This struggle has put the Kremlin's intelligence agencies in direct competition with Western intelligence services, with all parties retaining some old habits left over from the Cold War. At the same time, the unique status and financial resources provided to Russia's secret services in the early 2000s by then-President Vladimir Putin makes them even more unpredictable than their predecessor, the KGB, which was a powerful organization, but came under the firm control of the political structure. The Communist Party presided over every KGB section, department, and division. By contrast, over the last decade in Russia, the resurgent secret services have become a new elite, enjoying expanded responsibilities and immunity from public oversight or parliamentary control. Today's Russian secret services are impenetrable to outsiders. While the KGB played by the Cold War's rules, its inheritors are given a freer hand to make decisions on their own.

Surprisingly, though, the biggest beneficiaries of the elevation of Russian intelligence have been the authoritarian regimes that filled the vacuum after the breakup of the Soviet Union—the dictators of Central Asia, who have used Russian security forces to facilitate the abduction, even rendition, of their own opposition forces. In an unexpected reversal, Russia has become a hunting ground for the security services of many of the world's most vicious rulers.

Competing Spooks

Today, there are three principal Russian intelligence services. The SVR, or Foreign Intelligence Service, operates largely in Western Europe and the United States. The GRU, the old military intelligence service under the Soviet Union, remains intact, with virtually the same global portfolio. The FSB, or Federal Security Service, the most direct successor to the old KGB, operates principally in the former Soviet Republics, sometimes still referred to as the Commonwealth of Independent States (CIS), the loose confederation that was established to succeed the USSR after it collapsed. The FSB is also active in Afghanistan and Pakistan, both of which border the former Soviet sphere. Of course, these delineations are not set in stone, and there is persistent overlap and competition between these organizations, as agents of both the FSB and SVR are often found falling all over each other.

When the Soviet Union collapsed in late 1991, the leaders of the former Soviet republics were very slow to create completely independent states. Initially, they even agreed to maintain the united armed forces of the CIS, giving Moscow a chance to retain [End Page 84] its influence. Intelligence cooperation was a natural outgrowth of this dependency, and the Kremlin was happy to help the still-unproven leaders of these new states bolster their security structures.
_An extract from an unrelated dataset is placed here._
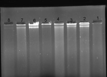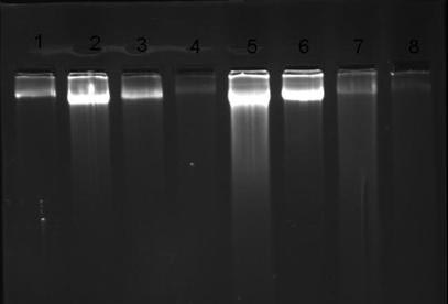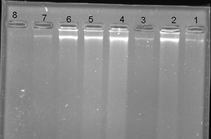 In this study ethidium bromide was used as fluorescent agent. The result was interpreted by Alpha Erase Fc Tm software version 3.1.2 of Alpha Infotech.

These relations were formalized in April 1992, when the SVR signed an agreement with its counterparts in the CIS, agreeing not to spy on each other.
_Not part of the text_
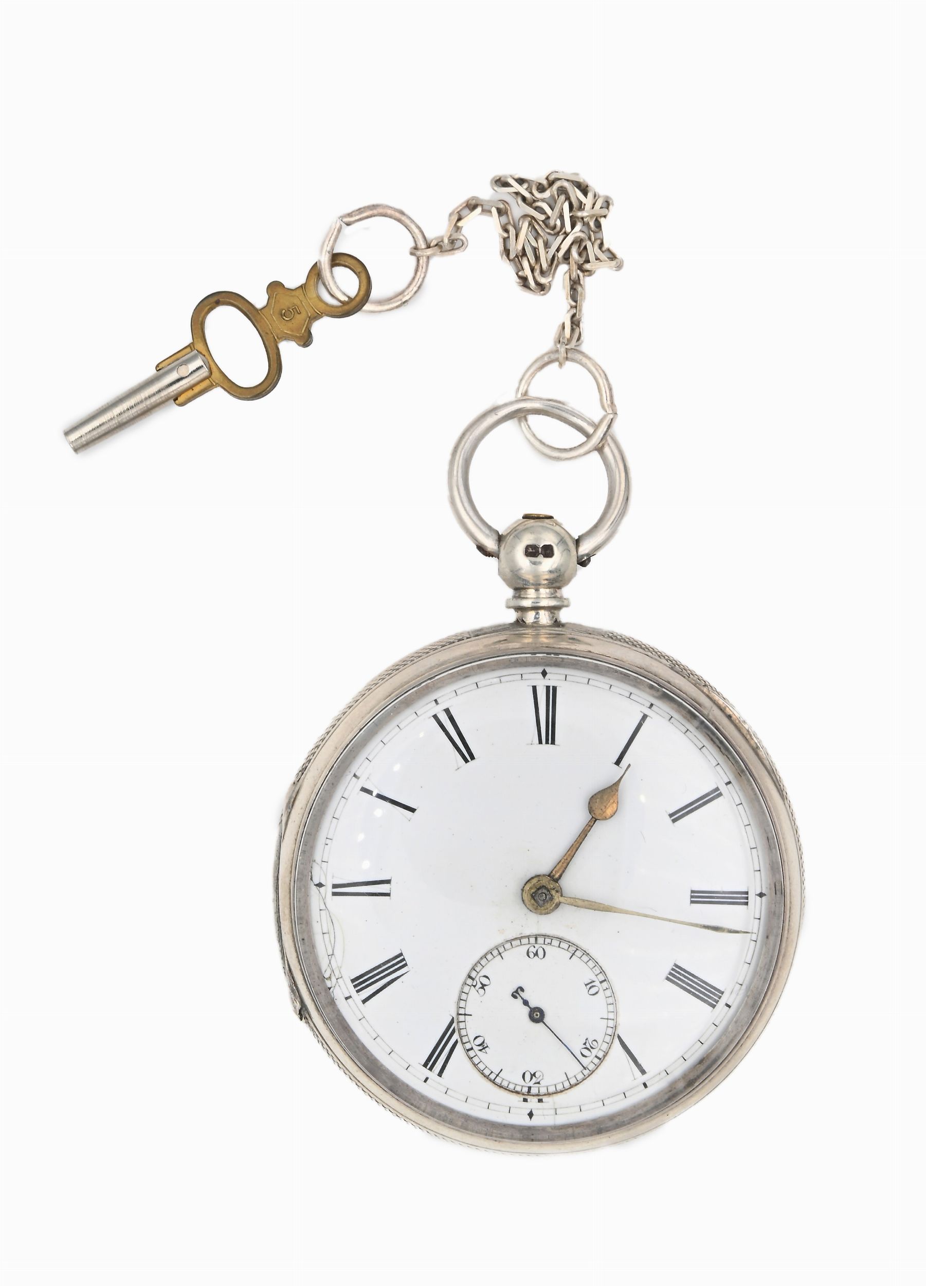 1870 circa Funzionante. Casse numerate 741, meccanismo numerato 56741. Parapolvere in ottone. Catena in metallo e chiavetta

But the relationship proved to be very much a one-way street. The SVR effectively assumed the posture of "Big Brother," making visits to CIS capitals to attend multilateral meetings or bilateral talks, where they were sometimes received by heads of state.

Not all CIS members were equally happy at finding themselves once again under the direct scrutiny of the Kremlin. Throughout the 1990s, Armenia, Kyrgyzstan, and Tajikistan remained firm allies...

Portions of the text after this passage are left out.